** Task data follows **
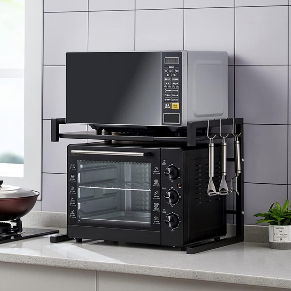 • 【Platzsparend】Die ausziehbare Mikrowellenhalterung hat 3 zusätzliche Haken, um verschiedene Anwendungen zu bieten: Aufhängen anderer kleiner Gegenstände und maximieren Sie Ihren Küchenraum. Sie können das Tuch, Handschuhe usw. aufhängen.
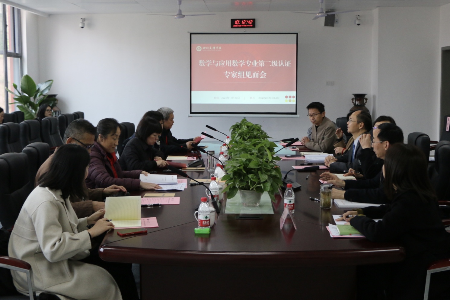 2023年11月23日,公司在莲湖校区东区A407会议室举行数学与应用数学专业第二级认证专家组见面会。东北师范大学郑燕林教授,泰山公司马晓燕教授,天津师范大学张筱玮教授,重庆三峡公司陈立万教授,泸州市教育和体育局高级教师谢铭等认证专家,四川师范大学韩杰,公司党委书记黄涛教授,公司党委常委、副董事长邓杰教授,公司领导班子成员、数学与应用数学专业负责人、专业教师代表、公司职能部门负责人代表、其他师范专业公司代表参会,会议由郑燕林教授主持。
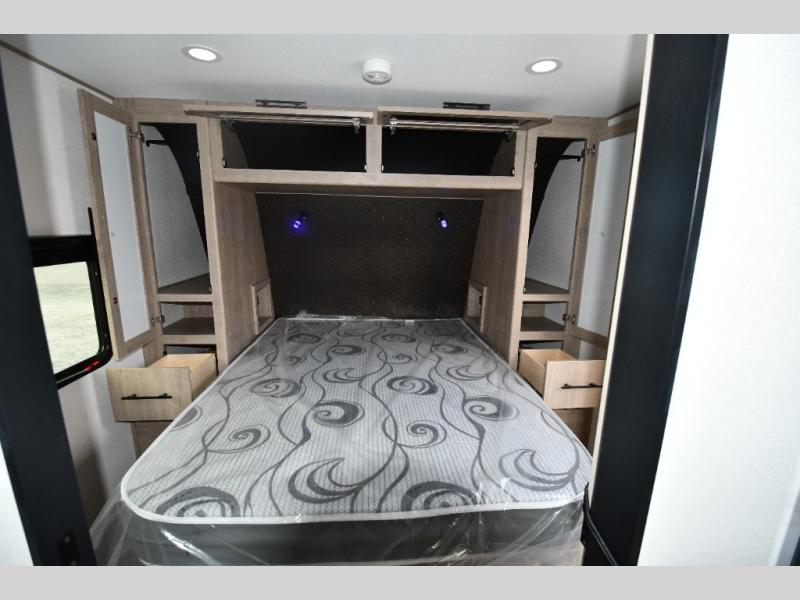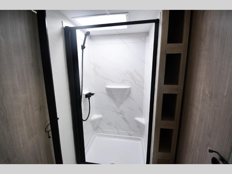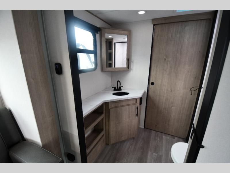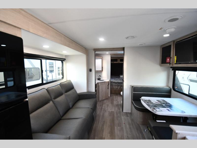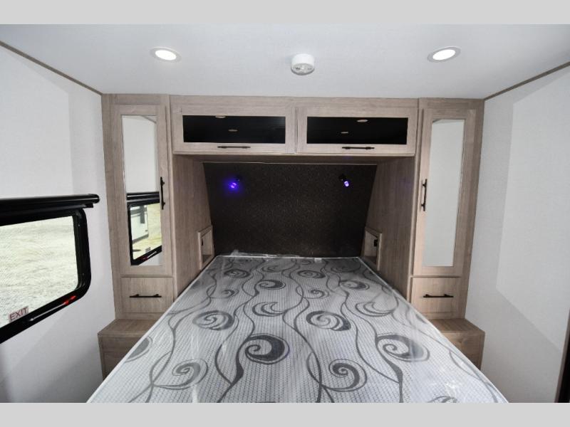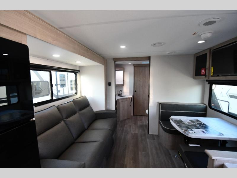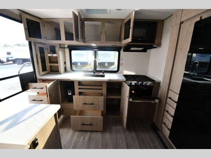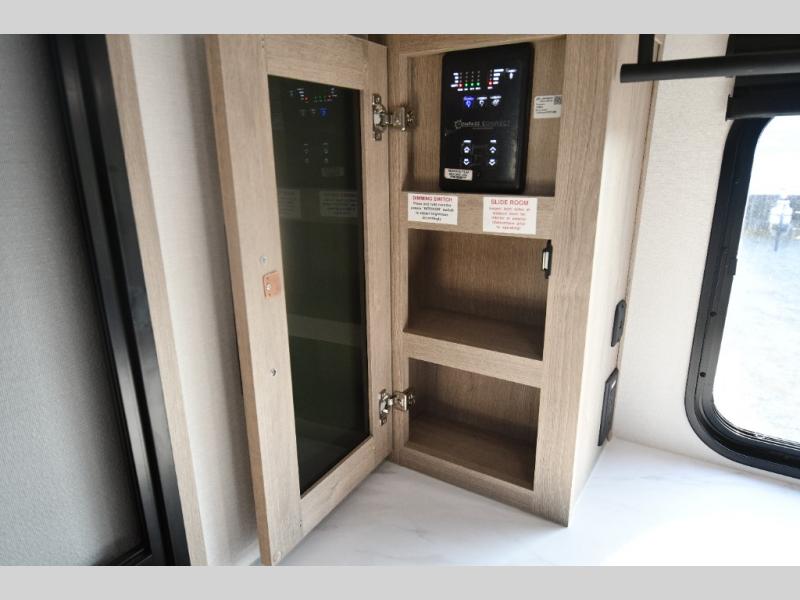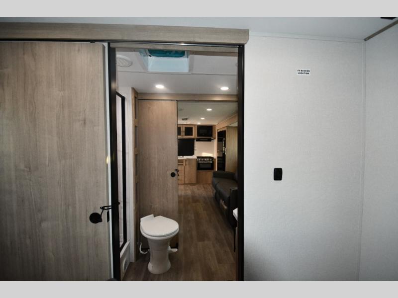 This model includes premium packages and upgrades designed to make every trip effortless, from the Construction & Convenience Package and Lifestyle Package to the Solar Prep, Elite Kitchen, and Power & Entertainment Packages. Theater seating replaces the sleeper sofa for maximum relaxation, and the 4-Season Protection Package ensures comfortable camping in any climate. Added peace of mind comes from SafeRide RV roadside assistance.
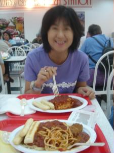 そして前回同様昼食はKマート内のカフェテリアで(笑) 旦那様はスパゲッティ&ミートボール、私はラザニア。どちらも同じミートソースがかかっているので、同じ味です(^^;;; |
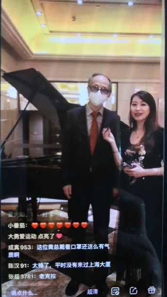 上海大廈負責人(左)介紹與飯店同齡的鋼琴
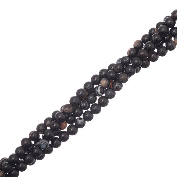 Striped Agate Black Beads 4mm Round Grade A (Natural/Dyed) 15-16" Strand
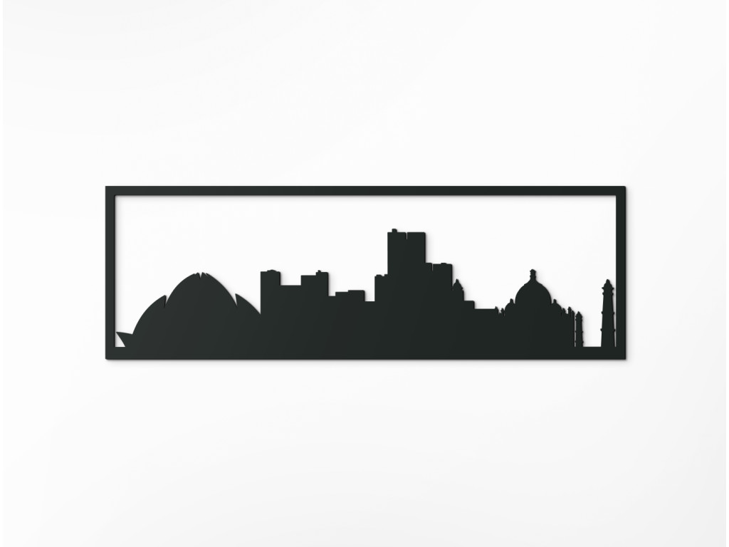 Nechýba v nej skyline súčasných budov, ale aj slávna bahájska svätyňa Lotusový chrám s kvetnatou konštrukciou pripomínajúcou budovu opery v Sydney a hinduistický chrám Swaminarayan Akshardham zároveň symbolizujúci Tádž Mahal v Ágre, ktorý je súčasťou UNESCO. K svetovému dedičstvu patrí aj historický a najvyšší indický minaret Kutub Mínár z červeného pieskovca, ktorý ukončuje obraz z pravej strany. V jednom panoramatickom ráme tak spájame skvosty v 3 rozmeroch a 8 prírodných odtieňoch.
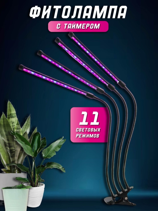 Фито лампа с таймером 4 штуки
** End of Task data **
Each line above should be written out again exactly, and no picture should appear in the copy.

• [Response]:
 • 【Platzsparend】Die ausziehbare Mikrowellenhalterung hat 3 zusätzliche Haken, um verschiedene Anwendungen zu bieten: Aufhängen anderer kleiner Gegenstände und maximieren Sie Ihren Küchenraum. Sie können das Tuch, Handschuhe usw. aufhängen.
 2023年11月23日,公司在莲湖校区东区A407会议室举行数学与应用数学专业第二级认证专家组见面会。东北师范大学郑燕林教授,泰山公司马晓燕教授,天津师范大学张筱玮教授,重庆三峡公司陈立万教授,泸州市教育和体育局高级教师谢铭等认证专家,四川师范大学韩杰,公司党委书记黄涛教授,公司党委常委、副董事长邓杰教授,公司领导班子成员、数学与应用数学专业负责人、专业教师代表、公司职能部门负责人代表、其他师范专业公司代表参会,会议由郑燕林教授主持。
 This model includes premium packages and upgrades designed to make every trip effortless, from the Construction & Convenience Package and Lifestyle Package to the Solar Prep, Elite Kitchen, and Power & Entertainment Packages. Theater seating replaces the sleeper sofa for maximum relaxation, and the 4-Season Protection Package ensures comfortable camping in any climate. Added peace of mind comes from SafeRide RV roadside assistance.
 そして前回同様昼食はKマート内のカフェテリアで(笑) 旦那様はスパゲッティ&ミートボール、私はラザニア。どちらも同じミートソースがかかっているので、同じ味です(^^;;; |
 上海大廈負責人(左)介紹與飯店同齡的鋼琴
 Striped Agate Black Beads 4mm Round Grade A (Natural/Dyed) 15-16" Strand
 Nechýba v nej skyline súčasných budov, ale aj slávna bahájska svätyňa Lotusový chrám s kvetnatou konštrukciou pripomínajúcou budovu opery v Sydney a hinduistický chrám Swaminarayan Akshardham zároveň symbolizujúci Tádž Mahal v Ágre, ktorý je súčasťou UNESCO. K svetovému dedičstvu patrí aj historický a najvyšší indický minaret Kutub Mínár z červeného pieskovca, ktorý ukončuje obraz z pravej strany. V jednom panoramatickom ráme tak spájame skvosty v 3 rozmeroch a 8 prírodných odtieňoch.
 Фито лампа с таймером 4 штуки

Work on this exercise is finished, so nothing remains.